During Ramadan, eating and drinking in public during daylight hours is forbidden in Qatar, while many government offices and businesses also operate on substantially reduced working hours.
Additionally, the ECA plan calls for domestic cup competitions, such as the FA Cup in England, to be concluded in June once the World Cup has finished. That has not gone down well with national associations.
Separately, the Association of European Professional Football Leagues (EPFL), which counts the Premier League, Spain's La Liga and the German Bundesliga among its members, suggests the World Cup starting in late May and ending in June.
That plan seems to be a non-runner following the renewed heat warnings,
BBC Sport understands both the ECA and the EPFL will now work together to produce a new plan for May that answers the main criticisms levelled against their current proposals.
Who wants what?
Fifa has a long-held preference for November/December, although North American and South American confederations are against those dates because their domestic seasons conclude around this time.

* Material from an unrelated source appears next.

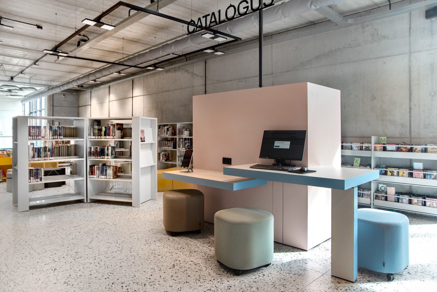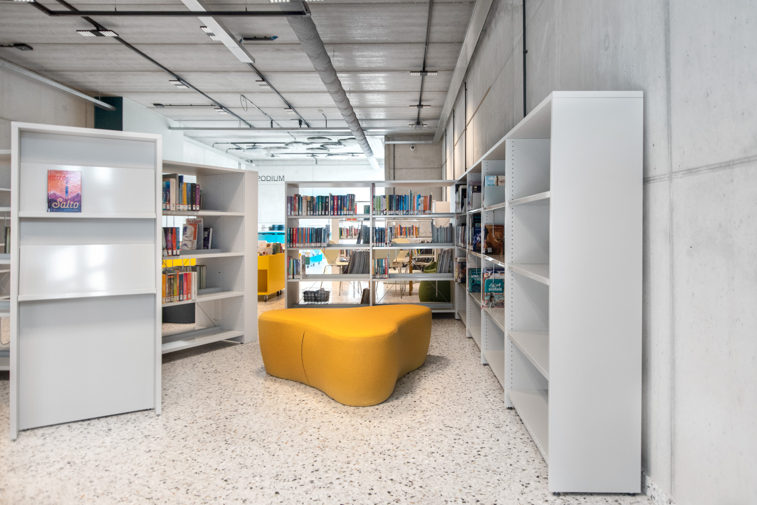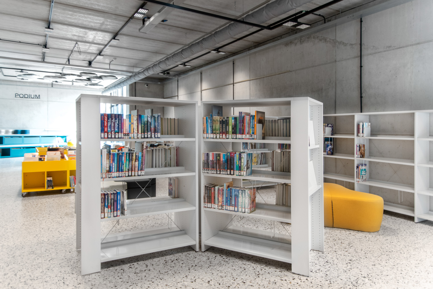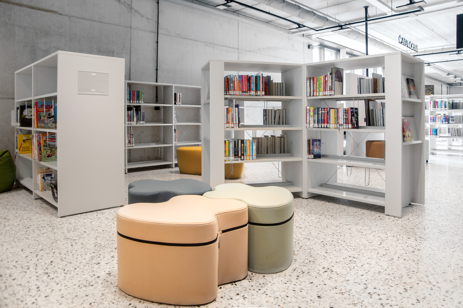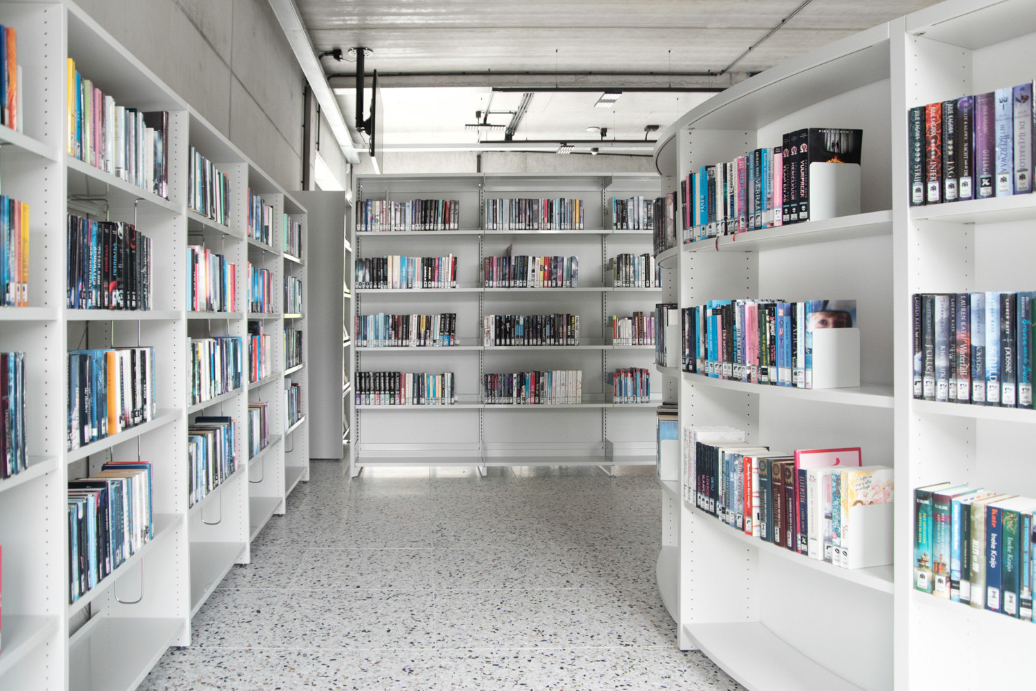 I hele biblioteket er reolerne hvide for at trække opmærksomheden mod indholdet – nemlig bøgerne. Bygningens moderne farvepalette bliver afspejlet i biblioteksmøblerne.

Uefa put forward a proposal for January/February 2023, but that was swiftly dismissed by Fifa general secretary Jerome Valcke, who insisted the tournament was contracted to be played in 2022.
Uefa would prefer January/February 2022 because a November tournament would impact on the Champions League group stages.
On Wednesday, Uefa president Michel Platini ruled out a World Cup between April and September.
That will disappoint the big European leagues, including the Premier League, as they want a May tournament.
They want to see every option for a summer tournament exhausted, and are angry because they feel they are having to absorb the repercussions of Fifa's actions.
A January/February competition would be deeply unpopular with the Premier League given it would put a hole in the schedules of broadcast partners and disrupt the title-run in.
Other European leagues could be more willing to accept January/February. Many already employ a winter break, which could be delayed to accommodate the World Cup.
If a winter tournament is staged, many European leagues would prefer one as early in the season as possible. September/October has been mentioned, but this is not an option for the Fifa taskforce.
What are the major stumbling blocks?
Of the three options still under consideration, Fifa is believed to want November/December for several reasons.
Firstly, Blatter has an agreement with the International Olympic Committee that there will be no clash with the 2022 Winter Olympics, which are expected to take place in January and February.
Perhaps more importantly, a January/February World Cup could force Fifa to take a significant commercial hit.
US broadcaster Fox, which will show the 2018 and 2022 World Cups, is reported to have paid $425m on the understanding that both tournaments are held in the summer.
That is because Fox also broadcasts the NFL, which is midway through its season in November and building up to the Super Bowl in early February.
If the tournament goes ahead in the first two months of the year, expect Fox and other media companies to demand financial recompense.
What's the most likely outcome?
One senior figure at the negotiating table, speaking to the BBC on condition of anonymity, said that at this stage he "wouldn't like to call which way it would go".
The November/December date which Fifa is so keen on is said to have received scant support at Monday's meeting.
However, on the basis that what Fifa wants, Fifa normally gets - and with the International Olympic Committee and commercial considerations factored in - then a tournament in November/December must still be considered the probable outcome.
There will be those who make very strong arguments for January/February and it should not be ruled out yet.
When will a final decision be made?
The taskforce has been asked to advise Fifa's ruling executive committee, which is headed by Blatter, of its preferred option by March 2015. It will then, in theory, rubber stamp the recommendation.
But there is no clear guidance on how the taskforce will arrive at its conclusion and a further meeting between all parties is expected in January.